13 Février 2018
Se définit-on par son poste? Est-on son titre? J'ai toujours véhémentement répondu non. J'ai toujours défendu le fait d'être soi avant les caractères de la carte de visite. Durant mes vingt ans de carrière, j'ai eu des rangs assez importants, d'autres très accessoires. De ceux dont j'ai été fière, d'autres que j'espérais temporaires. Il y a des bristols d'indépendante dont j'avais choisi le logo, le nom, le papier même, de ceux qui ont été si éphémères qu'il est heureux que je les aie gardés pour me les remémorer. Il y a des entreprises auxquelles, au début l'appartenance était admirable, puis en une nuit est devenue honteuse. Il y a celles que j'ai défendues bec et ongles. Il y a celles qui ont été de sacrés défis. Elles ont toutes ajouté, au fil des ans, des lignes à mon CV. La dernière, que je m'apprête à quitter, a été une aventure très intense de plus de quatre ans. Des moments de lutte, des moments de doute, des réussites aussi. Une page qui va se tourner. Perdrai-je, en n'inscrivant plus ce titre de juriste comme emploi, une part de moi, de mon identité ? Je l'ai déjà délaissé quelques fois, mais le droit était toujours là, en filigrane, à portée de doigt, ce lic. jur. que je dégainais en cas de nécessité. Un morceau rassurant de moi, une garantie de mes compétences. Presque un label de qualité.
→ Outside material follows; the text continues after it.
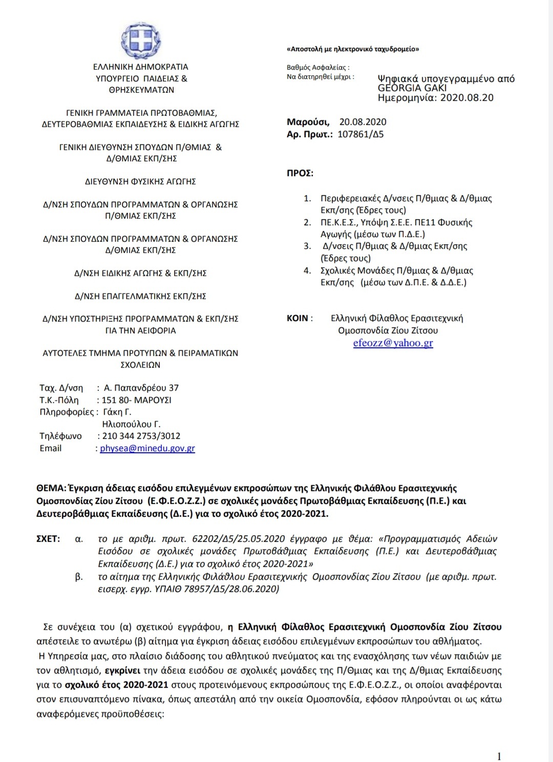 Μετά από αίτημα της ελληνικής Ομοσπονδίας Εφεοζ, εγκρίθηκε η απόφαση της άδειας εισόδου στην πρωτοβάθμια και δευτεροβάθμια εκπαίδευση από το υπουργείο Παιδείας και Θρησκευμάτων.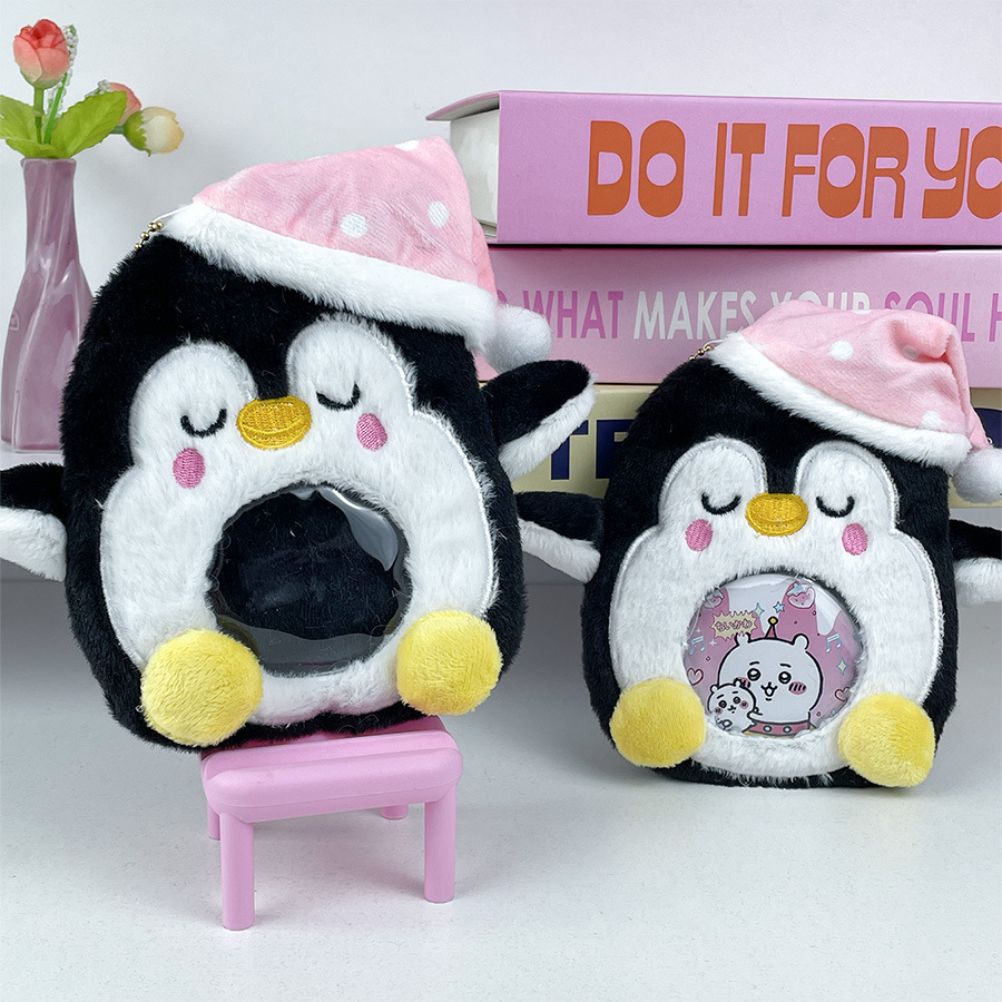 韩版睡帽企鹅毛绒卡套圆形卡包儿童礼物企鹅玩偶网红公仔挂件

Cette fois, pour quelques mois en tous les cas, je pose mes codes, je referme articles, alinéas et litteras. Je laisse mon cabinet continuer sa route avec celle qui avec moi l'a fondé. Je souffle une dernière fois dans les voiles pour qu'il vogue encore longtemps et loin. Et je m'en vais, dans une quinzaine, marcher ailleurs, défricher d'autres contrées. Ainsi, lorsque ma profession il faudra inscrire, c'est avec émotion que j'apposerai ce mot un peu effrayant qui me rend si heureuse : écrivaine.